PRIVATE FIREARMS STOP CRIME 2.5 MILLION TIMES EACH YEAR, NEW UNIVERSITY SURVEY CONFIRMS
By J. Neil Schulman
In an exclusive interview, Dr. Gary Kleck, criminologist at Florida State University in Tallahassee and author of "Point Blank: Guns and Violence in America," a book widely cited in the national gun-control debate, revealed some preliminary results of the National Firearms Defensive Use Survey which he and his colleague Dr. Marc Gertz conducted in Spring, 1993. Though he stresses that the results of the survey are preliminary and subject to future revision, the survey's results confirm to Kleck's satisfaction his analysis of previous surveys which show that American civilians commonly use their privately-owned firearms each year to defend themselves against criminal attacks, and that such defensive uses significantly outnumber the criminal uses of firearms in America.

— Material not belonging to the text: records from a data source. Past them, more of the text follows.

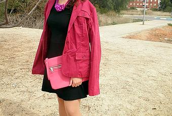 Hoy os muestro un look que me encanta. He combinado un vestido negro ( un básico en el armario de cualquier mujer) con unos complementos que le dan al look todo el color que necesita para ser radiante.Llevo mis maravillosas sandalias, las que compré hace un mes en Primark y que ya os he enseñado en otros looks. El bolso lo tengo del verano pasado y esta primavera le estoy sacando mucho partido. He acompañado este outfit con un collar de nudos marineros, y unas pulseritas negras de macramé con detalle de osito en fucsia y en negro transparente. Estas maravillas las hace Sandra, y podéis verlo en su blog.
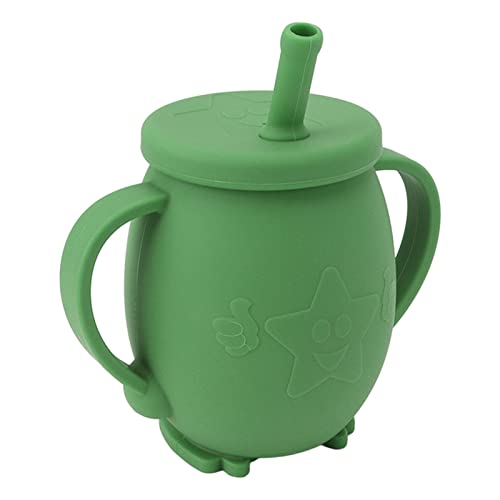 Bicchieri per Bambini da 230 Ml Bicchieri da Addestramento in Silicone con Cannucce in Silicone Maniglie con Coperchio A Prova di Perdite A Prova di Fuoriuscite per Bambini di età (Verde)
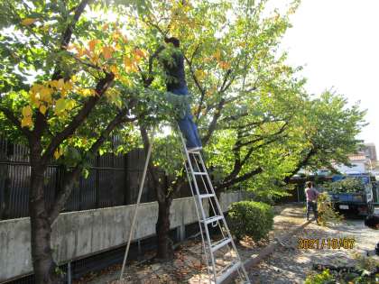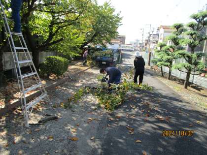 櫻の木の枝が伸びすぎているので、市教委の方にも手伝ってもらって切りました。ありがとうございます。
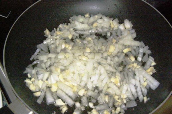 Faire frire l'oignon haché dans une poêle à frire dans l'huile chaude pendant 5 à 7 minutes.
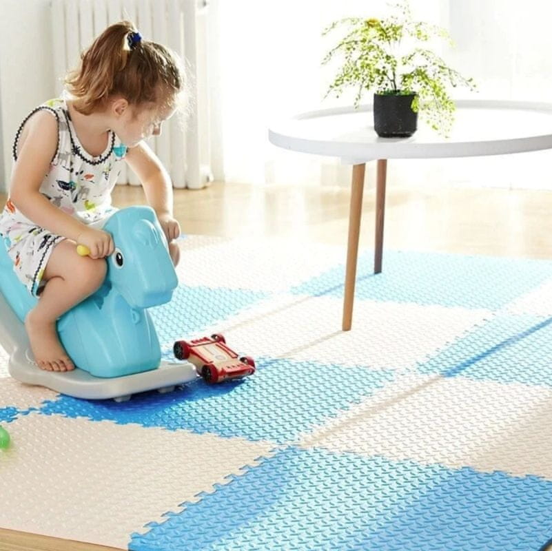 Podloga je izdelana v obliki sestavljanke, s 24 rumenimi in modrimi deli pa jo je preprosto in enostavno sestaviti.
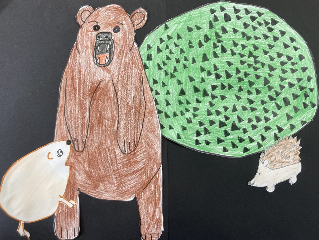Quand Monloulou en sortit, il était couvert d’épines, ça lui faisait un peu mal, ça lui tirait la peau. Il se remit en boule en voyant l’ours. Celui-ci essaya de l’attraper et se piqua les coussinets avec les épines. Il eut très mal et il partit en courant dans la forêt. Monloulou , en voyant cela, se rendit compte que d’avoir des piquants sur le dos protégeait des prédateurs. Il alla raconter son histoire à ses copains hérissons qui allèrent tous se rouler dans le buisson d’épines noires.

The new survey, conducted by random telephone sampling of 4,978 households in all the states except Alaska and Hawaii, yield results indicating that American civilians use their firearms as often as 2.5 million times every year defending against a confrontation with a criminal, and that handguns alone account for up to 1.9 million defenses per year. Previous surveys, in Kleck's analysis, had underrepresented the extent of private firearms defenses because the questions asked failed to account for the possibility that a particular respondent might have had to use his or her firearm more than once.